I first took the most naive approach: simply uninstalling through Magisk app. Obviously, this didn’t work and the locked bootloader didn’t let me boot my phone. When you uninstall through Magisk app, what I believe is being done is that the app runs the uninstaller script for cleanup. This script flashes the stock boot image, so AVB will fail and the device will be unbootable.

Workaround

After some more stupid trials (too stupid to even write them down), I finally figured out the way. The steps I took were:

  1. Fresh install GrapheneOS following their installation guide.
  2. Obtain the latest OTA file from the official release of GrapheneOS.
  3. Patch the OTA with Magisk app following the Usage section of avbroot.
  4. Flash the patched OTA by following the Initial setup section of avbroot.
  5. Lock the bootloader.
  6. Boot the device, complete the setup, and enable eSIM if you intend to have it enabled too.
  7. Patch the EFS partition.
  8. Generate another patch with avbroot using the same OTA, but this time with --rootless option.
  9. Reboot into recovery. If the screen says No command with a dead android, hold down the power button and press the volume up key once while holding.
  10. Select the Apply update from ADB option.
  11. Sideload the patched rootless OTA with adb sideload /path/to/file.patched.

In fact, the unrooting process was already explained in the Warning and caveats section of avbroot. All my wasted time trying stupid things where I could have just read the […] manual…

Caveats

The biggest risk of this approach is that (again very well described in the documents) ‘any operation that causes an improperly-signed boot image to be flashed will result in the device being unbootable and unrecoverable without unlocking the bootloader again.’ This includes the default System Updater for GrapheneOS as the signature of the official OTA now does not match the one used in avbroot. Since the Graphene’s System Update is very eager to update the system for security reasons, to prevent the device from rendering itself unbootable I had to disable the app from settings so that it cannot attempt installing an unpatched image.

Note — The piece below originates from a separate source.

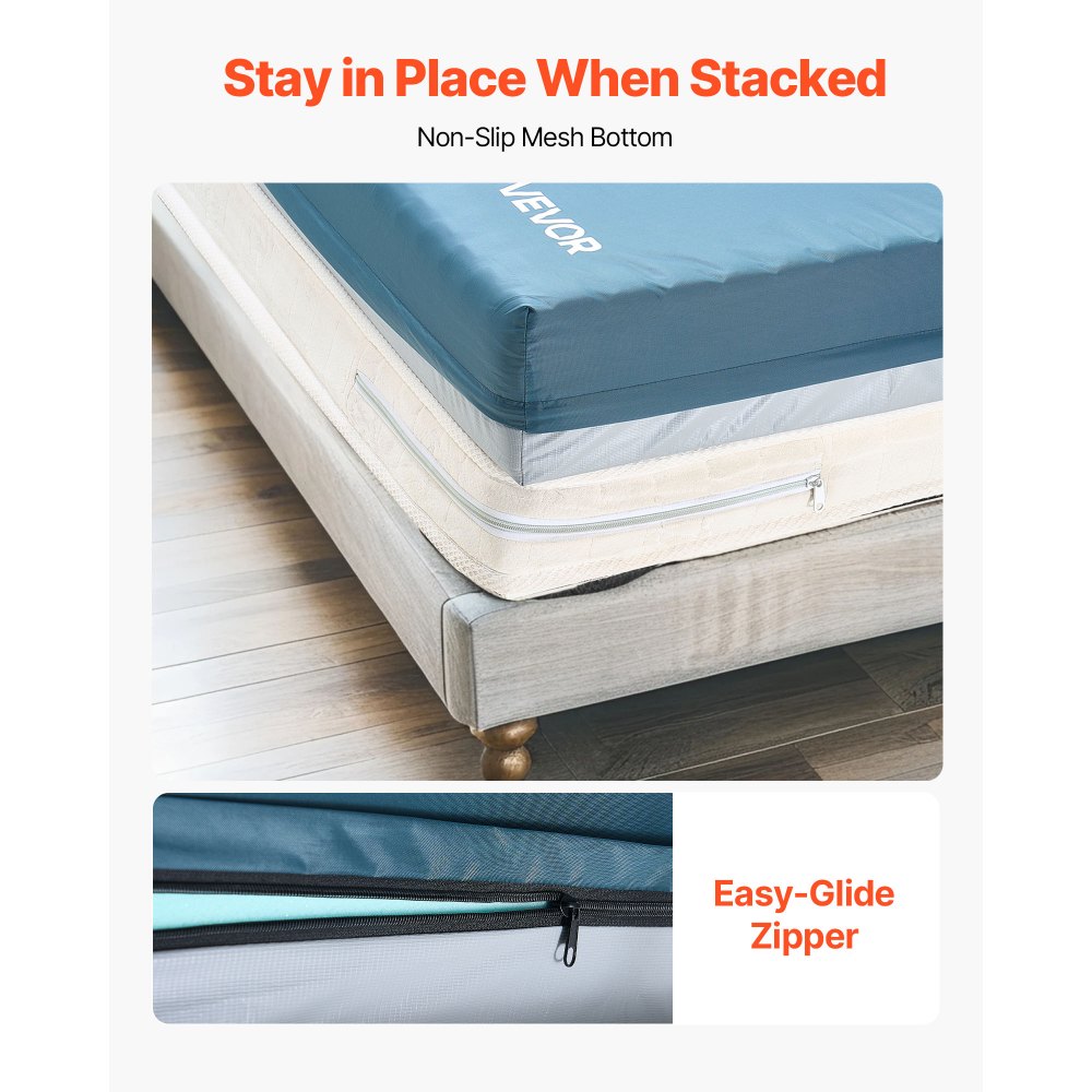 Voděodolný a skvrnám odolný potah: Prémiový voděodolný nylonový potah odolává polití a skvrnám, takže se matrace vaší zdravotnické postele snadno čistí. Spodní část na zip usnadňuje výměnu a prodyšná tkanina udržuje věci v chladu.

The developer of avbroot, chenxiaolong, actually has another project called Custota, which solves this very problem. I should take a look at this sooner or later; thanks so much to chenxiaolong for creating these useful projects!

Trivia

Somewhat unrelated, but I found that zygisk was not available in GrapheneOS using vanilla Magisk. The reason why this is broken (not only about zygisk but about overall Magisk root approach) is well explained in this issue. Without zygisk, it is basically almost impossible to avoid any root detection nowadays, as most root hiding solutions such as Zygisk Assistant require zygisk to run properly. To get zygisk working on Magisk, it only needs a little addition to native/src/core/zygisk/gen_jni_hooks.py and then run the code to generate the proper jni_hooks.hpp for GrapheneOS, as shown in this PR.

Since all I needed, in the end, was a one-time root access for ADB shell only, it might have been an option to build a userdebug GrapheneOS from source with ro.adb.secure=1 option, as stated in this issue. But I didn’t end up trying this approach because A) of my hardware limitations, I couldn’t manage to build Graphene from source, and B) further discussion hints that a build with this option cannot disable ADB.